***** Data for this exercise *****
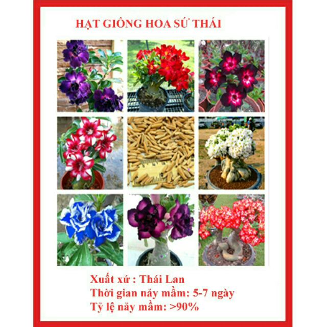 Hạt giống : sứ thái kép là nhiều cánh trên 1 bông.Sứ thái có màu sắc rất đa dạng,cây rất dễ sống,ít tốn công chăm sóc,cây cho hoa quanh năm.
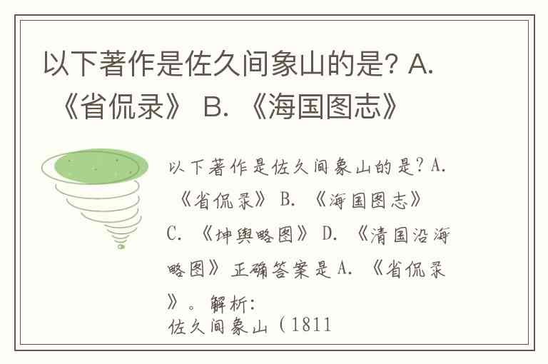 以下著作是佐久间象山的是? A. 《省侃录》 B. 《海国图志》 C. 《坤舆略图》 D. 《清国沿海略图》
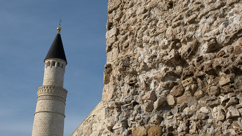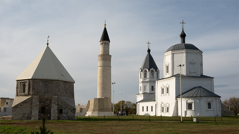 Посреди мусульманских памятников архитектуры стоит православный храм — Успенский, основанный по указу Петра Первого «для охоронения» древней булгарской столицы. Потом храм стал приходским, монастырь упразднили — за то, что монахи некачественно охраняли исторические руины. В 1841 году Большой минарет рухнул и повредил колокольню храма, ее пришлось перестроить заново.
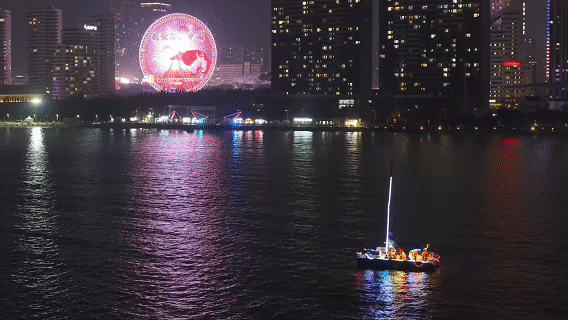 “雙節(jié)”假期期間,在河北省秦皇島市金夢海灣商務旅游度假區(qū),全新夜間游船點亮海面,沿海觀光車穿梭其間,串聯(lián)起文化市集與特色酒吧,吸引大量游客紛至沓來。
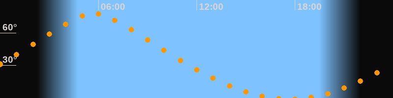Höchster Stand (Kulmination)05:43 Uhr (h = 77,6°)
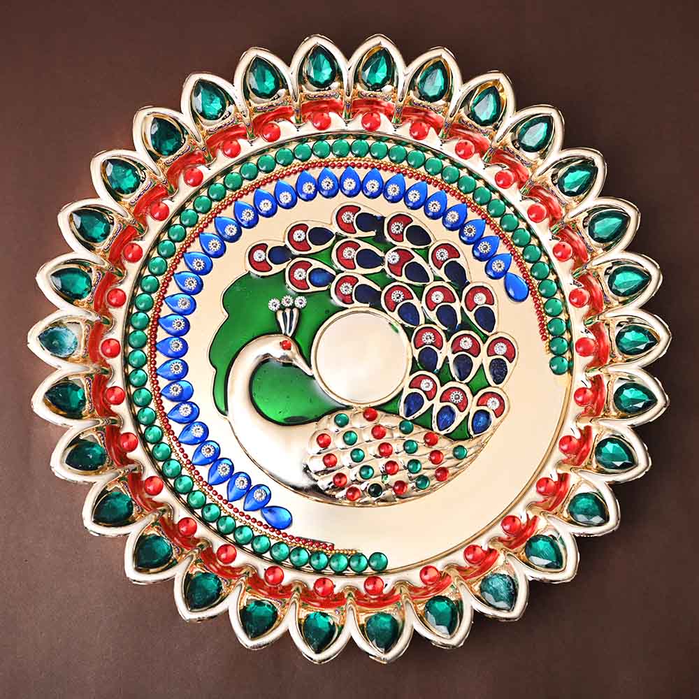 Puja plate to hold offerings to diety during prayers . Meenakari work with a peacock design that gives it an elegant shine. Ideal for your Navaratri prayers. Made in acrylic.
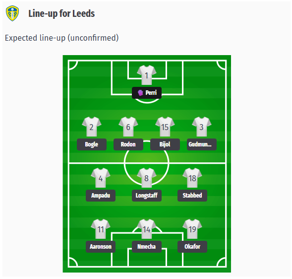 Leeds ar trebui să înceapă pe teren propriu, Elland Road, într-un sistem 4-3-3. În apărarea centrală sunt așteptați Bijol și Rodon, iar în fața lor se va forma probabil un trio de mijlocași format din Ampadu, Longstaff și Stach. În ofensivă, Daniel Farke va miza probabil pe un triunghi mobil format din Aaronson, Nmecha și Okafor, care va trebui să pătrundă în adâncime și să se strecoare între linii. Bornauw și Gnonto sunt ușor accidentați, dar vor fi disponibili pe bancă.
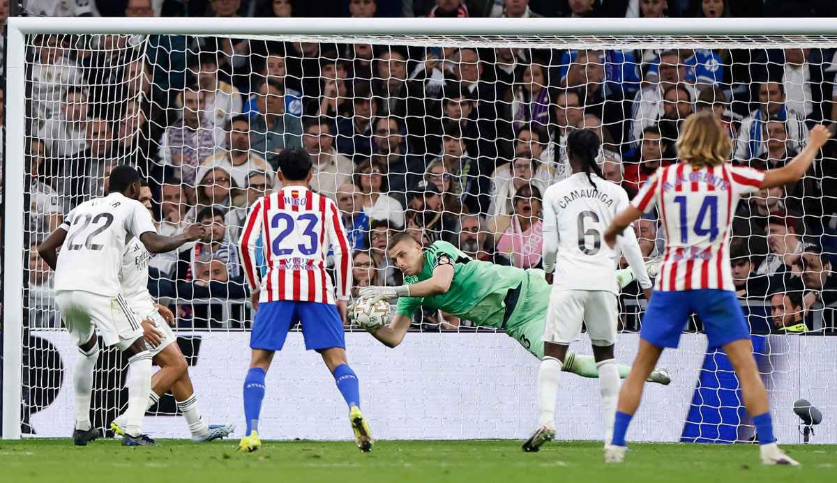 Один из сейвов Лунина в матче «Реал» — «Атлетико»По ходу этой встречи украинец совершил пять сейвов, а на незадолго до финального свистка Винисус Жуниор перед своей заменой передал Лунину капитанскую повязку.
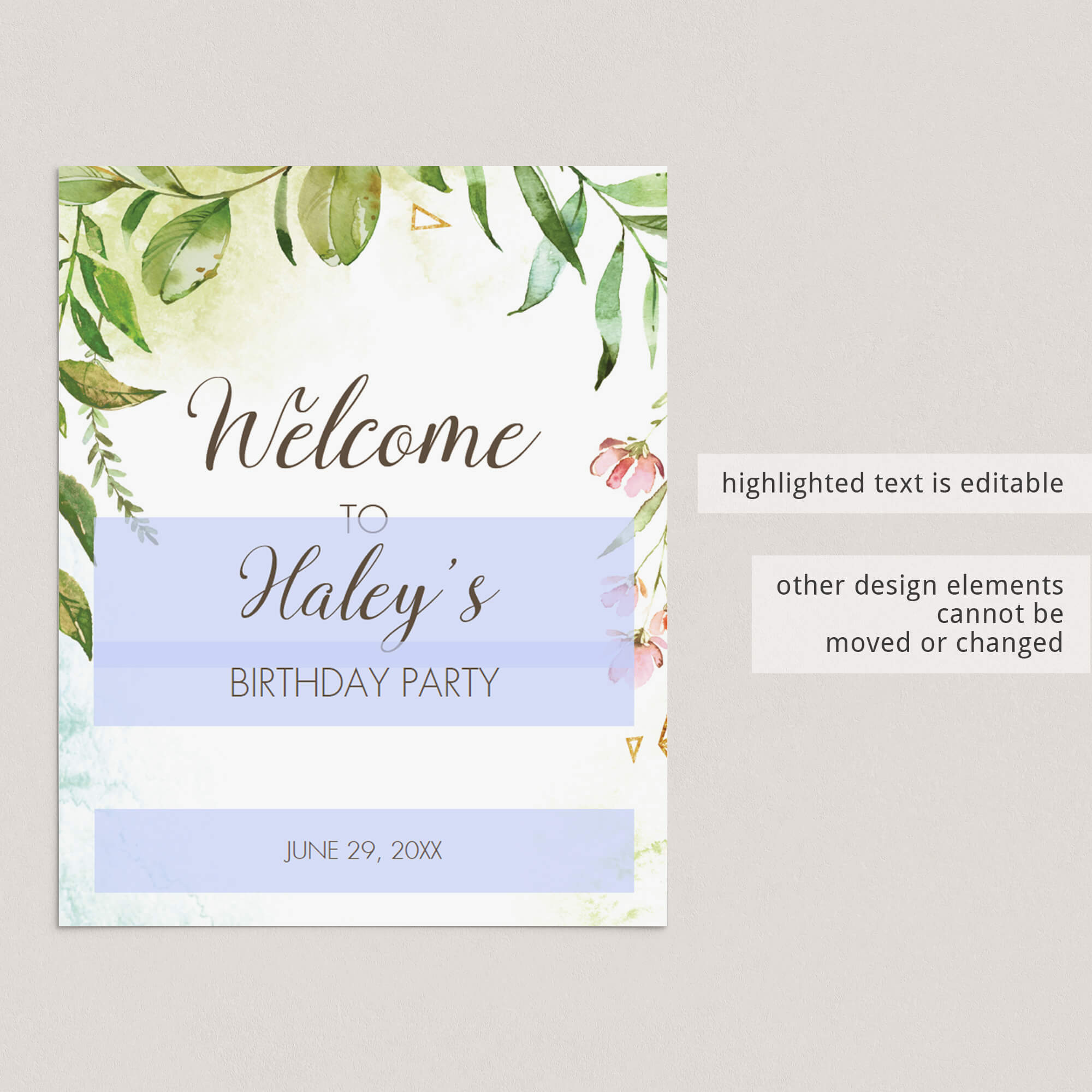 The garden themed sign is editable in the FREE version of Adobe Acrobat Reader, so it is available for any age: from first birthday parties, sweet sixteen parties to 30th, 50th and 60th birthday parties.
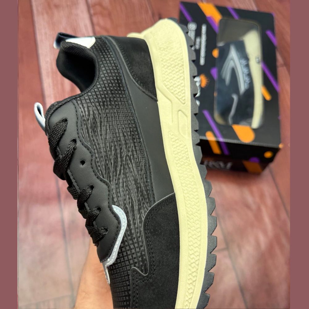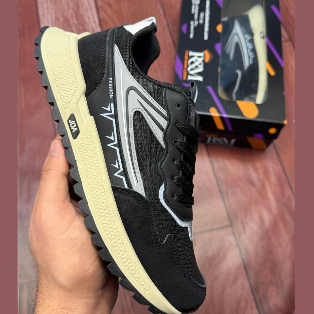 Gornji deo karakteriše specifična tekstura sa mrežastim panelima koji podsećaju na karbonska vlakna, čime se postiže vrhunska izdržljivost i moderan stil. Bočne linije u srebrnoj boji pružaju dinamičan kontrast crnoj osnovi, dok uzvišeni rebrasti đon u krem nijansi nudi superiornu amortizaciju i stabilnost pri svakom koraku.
*****
***** Data for this exercise *****
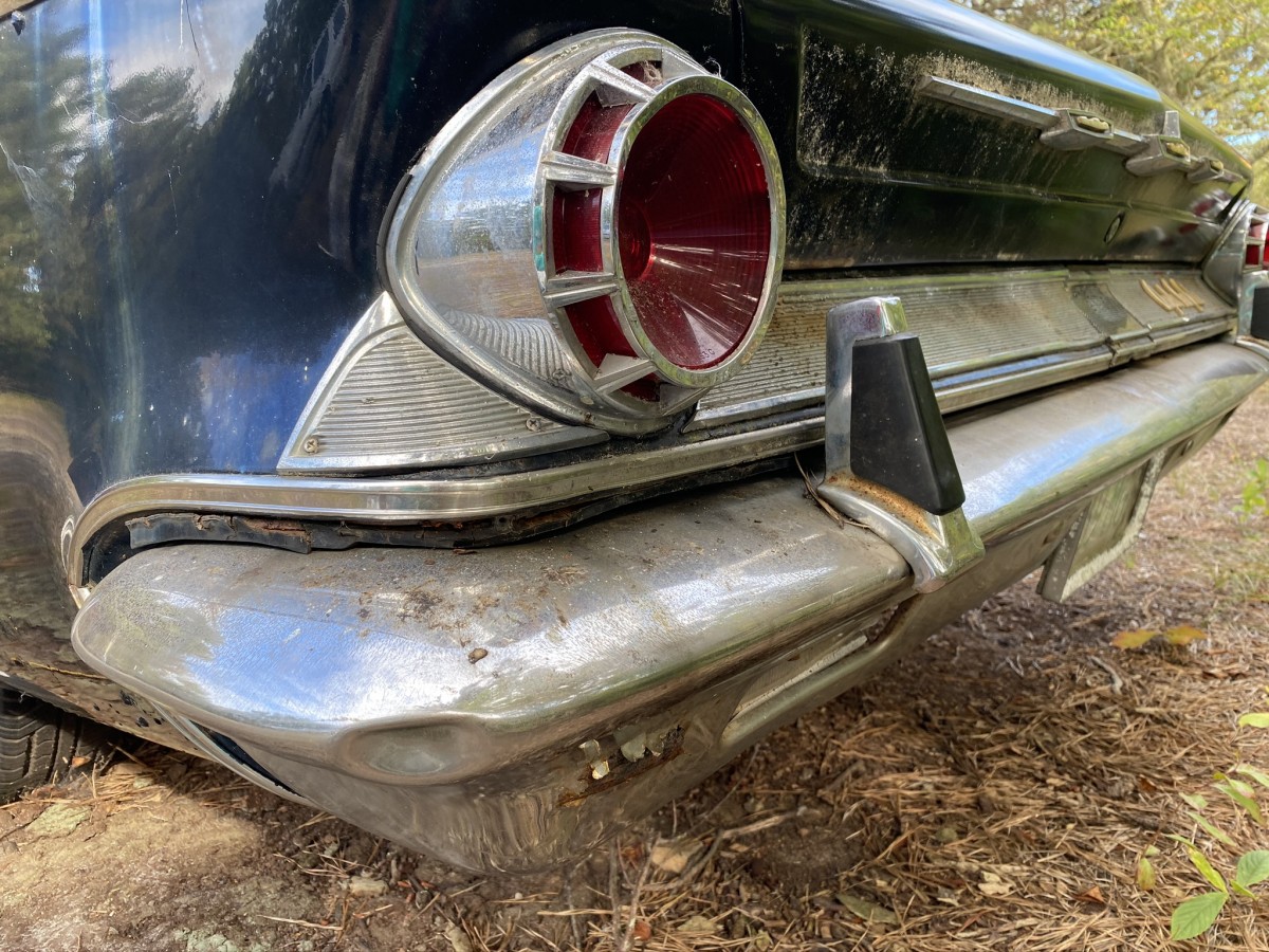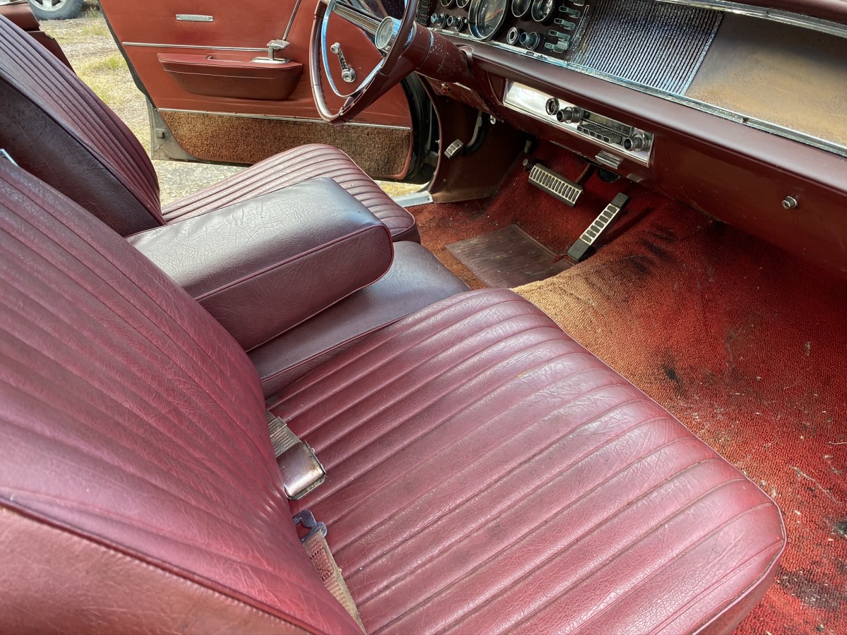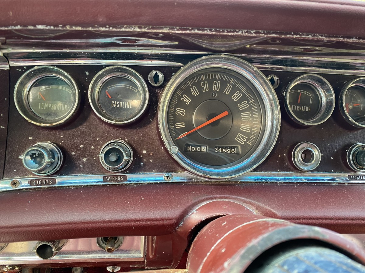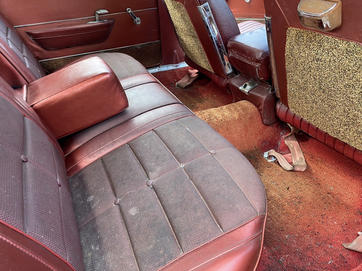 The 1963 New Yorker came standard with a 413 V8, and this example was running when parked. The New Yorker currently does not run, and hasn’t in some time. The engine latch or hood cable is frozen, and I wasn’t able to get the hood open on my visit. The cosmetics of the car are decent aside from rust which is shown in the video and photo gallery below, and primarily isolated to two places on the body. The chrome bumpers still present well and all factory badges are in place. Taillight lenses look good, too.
*****
*What is needed*. Word for word, retype the lines in the entries above that run from the one with "Один из сейвов" through the one with "The garden themed". Both ends count; pictures do not.

*Task response*.
 Один из сейвов Лунина в матче «Реал» — «Атлетико»По ходу этой встречи украинец совершил пять сейвов, а на незадолго до финального свистка Винисус Жуниор перед своей заменой передал Лунину капитанскую повязку.
 The garden themed sign is editable in the FREE version of Adobe Acrobat Reader, so it is available for any age: from first birthday parties, sweet sixteen parties to 30th, 50th and 60th birthday parties.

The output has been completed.